### Theory:

Suppose a straight line is neither vertical nor horizontal but cuts the $$y$$ axis at a certain point. This point is called the $$y$$ - intercept of the line.
The equation of the slope intercept form of the line is given by:

$$y = mx + c$$

where $$m$$ is the slope of the line, and

$$c$$ is the $$y$$ - intercept of the line.
Example:
1. Find the equation of the straight line whose slope is $$3$$, and $$y$$ - intercept is $$1$$.

Solution:

Given that $$m = 3$$ and $$c = 1$$.

Substituting the known values in the equation of the slope intercept form, we get:

$$y = mx + c$$

$$y = 3x + 1$$

$$3x - y + 1 =0$$

Therefore, the equation of the straight line is $$3x - y + 1 =0$$.

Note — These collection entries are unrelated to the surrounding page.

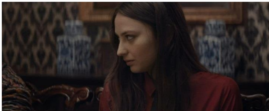
Figura 3- Parte do vídeo Facebook Home Dinner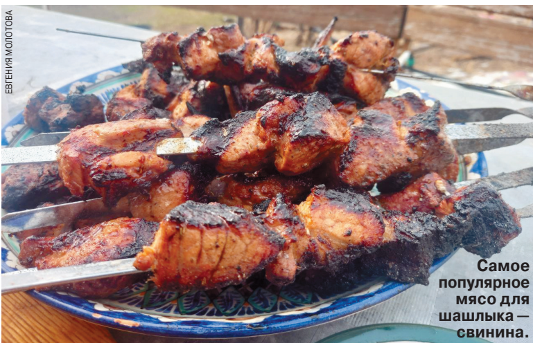
Самое популярное мясо для шашлыка — свинина.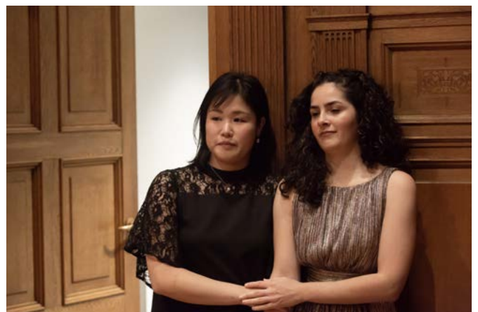
Net voor de opkomst in de halve finale

2. Determine the slope and $$y$$ - intercept of the equation $$6x - 2y + 3 = 0$$.

Solution:

The given equation is $$6x - 2y + 3 = 0$$.

Let us write the given equation in the form of $$y = mx + c$$.

Thus, $$-2y = -6x - 3$$

$$y = \frac{-6}{-2}x - \frac{3}{(-2)}$$

$$y = 3x + \frac{3}{2}$$

Comparing the above equation with the slope intercept form $$y = mc + c$$, we have:

$$m = 3$$ and $$c = \frac{3}{2}$$

Therefore, the slope is $$3$$, and the $$y$$- intercept is $$\frac{3}{2}$$.